Omit the pictures and extract only the lines from the line containing "पोंभूर्णा तालुक्यातील घनोटी" to the end of the material, each exactly as written.

### SOURCE DATA:

== Segment start ==

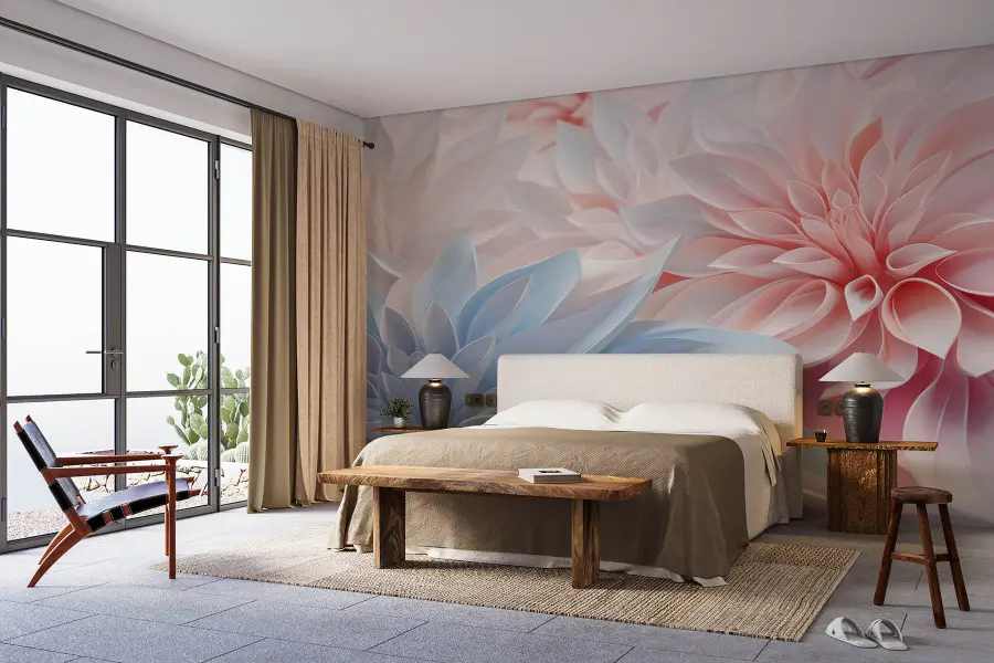 Transforme o seu espaço com este encantador mural de parede com um deslumbrante arranjo de flores de papel em tons pastel. Imagine a lufada de ar fresco que traz – cada flor em tons suaves de rosa e azul parece um abraço suave da primavera. Perfeito para um recanto acolhedor ou uma sala de estar animada, é como convidar um jardim para dentro sem a preocupação de regar.
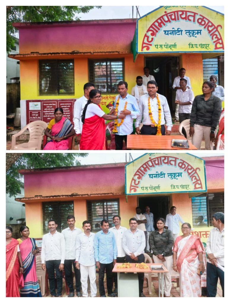 पोंभूर्णा तालुक्यातील घनोटी तुकूम येथे आज स्वांतत्र्य दिनाचे औचित्य साधून १५/०८/२०२५ रोजी संयुक्त वनव्यवस्थापन समिती गठीत करण्यात आली यामध्ये श्री रामकृष्ण भाऊ गव्हारे यांची अध्यक्ष म्हणून बिनविरोध निवड करण्यात आली तर उपाध्यक्ष म्हणून सर्वांचे परिचित श्री मारोतराव पिपरे यांची निवड करण्यात आली यावेळेस
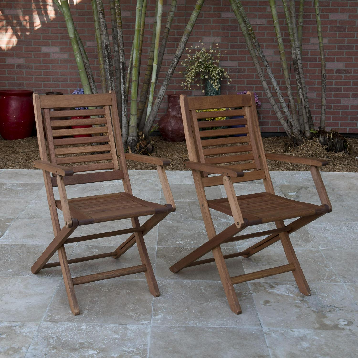 – 2-Piece Set This set includes 2 high quality 100% FSC certified eucalyptus folding armchairs. This set is ideal for both indoors and patio and will make your outdoors an elegant space to enjoy with family and friends.

== Segment end ==

### EXERCISE ANSWER:
 पोंभूर्णा तालुक्यातील घनोटी तुकूम येथे आज स्वांतत्र्य दिनाचे औचित्य साधून १५/०८/२०२५ रोजी संयुक्त वनव्यवस्थापन समिती गठीत करण्यात आली यामध्ये श्री रामकृष्ण भाऊ गव्हारे यांची अध्यक्ष म्हणून बिनविरोध निवड करण्यात आली तर उपाध्यक्ष म्हणून सर्वांचे परिचित श्री मारोतराव पिपरे यांची निवड करण्यात आली यावेळेस
 – 2-Piece Set This set includes 2 high quality 100% FSC certified eucalyptus folding armchairs. This set is ideal for both indoors and patio and will make your outdoors an elegant space to enjoy with family and friends.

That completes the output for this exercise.